PRISON PLOT: Benjamin Lancaster PRISON PLOT: Benjamin Lancaster

AN inmate took another prisoner hostage with a makeshift knife in an attempt to move to another jail.

Benjamin Lancaster was hoping to be moved from Deerbolt Young Offenders’ Institution, in County Durham, as punishment.

He though he might lose four weeks of remission from a fiveyear sentence he was serving for a gang attack involving weapons.

Judge Simon Bourne-Arton told the 21-year-old, from Redcar, east Cleveland: “Now, you are to be sadly disillusioned about that.”

The Teesside Crown Court judge added three-and-a-half years to Lancaster’s sentence after hearing how he plotted the hostage drama.

In letters to people on the outside, he complained about being downgraded to basic privileges for what his barrister called a squabble.

One said: “Me and one of the other boys were going to take someone hostage just so we could get shipped out.”

Another read: “Some kid from Manchester in the pad next door got taken hostage yesterday. It was funny.”

Lancaster burst into the cell of Mohammed Ali, 21, barricaded himself in and held the makeshift weapon to his throat.

The hour-long incident, on January 21, ended when staff persuaded him to give up his weapon and come out of the cell.

Lancaster’s barrister, Nigel Soppitt, said: “He greatly regrets what he did. He recognises now that it was idiotic.

“He was rebelling against the authorities. He has been foolish in the extreme, not thinking of the consequences.”

The court heard that Lancaster spent seven weeks in isolation after the incident, but has since become a model prisoner.

Judge Bourne-Arton said: “It has been described as an act of stupidity. I disagree. It was more than that. It was very dangerous.

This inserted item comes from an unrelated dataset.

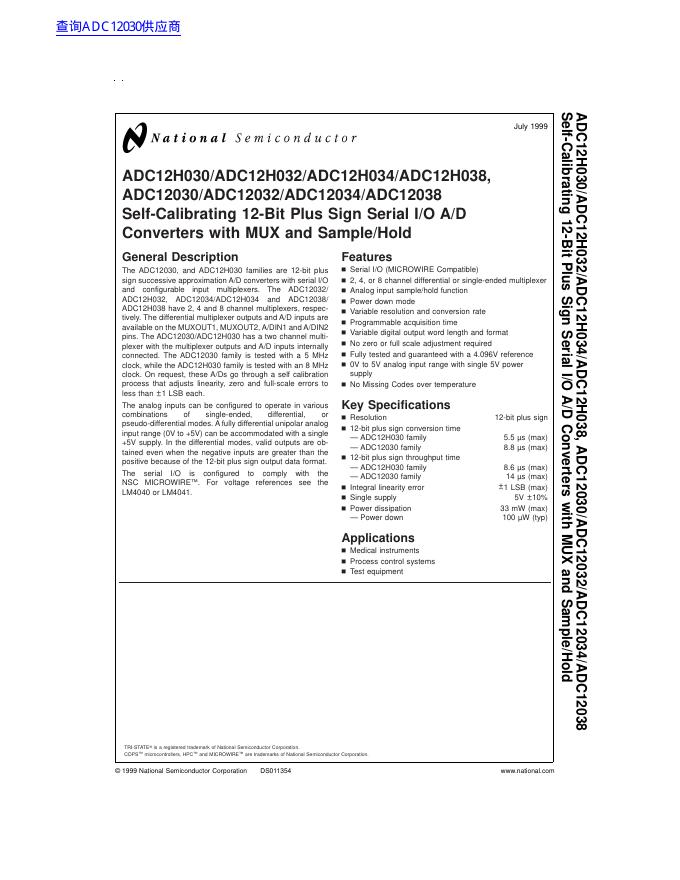 National Semiconductor ADC12H030/ADC12H032/ADC12H034/ADC12H038/ADC12030/ADC12032/ADC12034/ADC12038 数据手册.pdf

“You subjected that man to an hour of terror. Not only that, you decided to take the law into your own hands.

“Courts have to make sure that prisoners such as you do not behave in this way, otherwise the whole system will break down.

“You thought about it for some time. You believed you would only lose a few days remission, and now you are to be sadly disillusioned about that.”

Lancaster, who admitted false imprisonment, was said by his barrister to have made amends to Ali.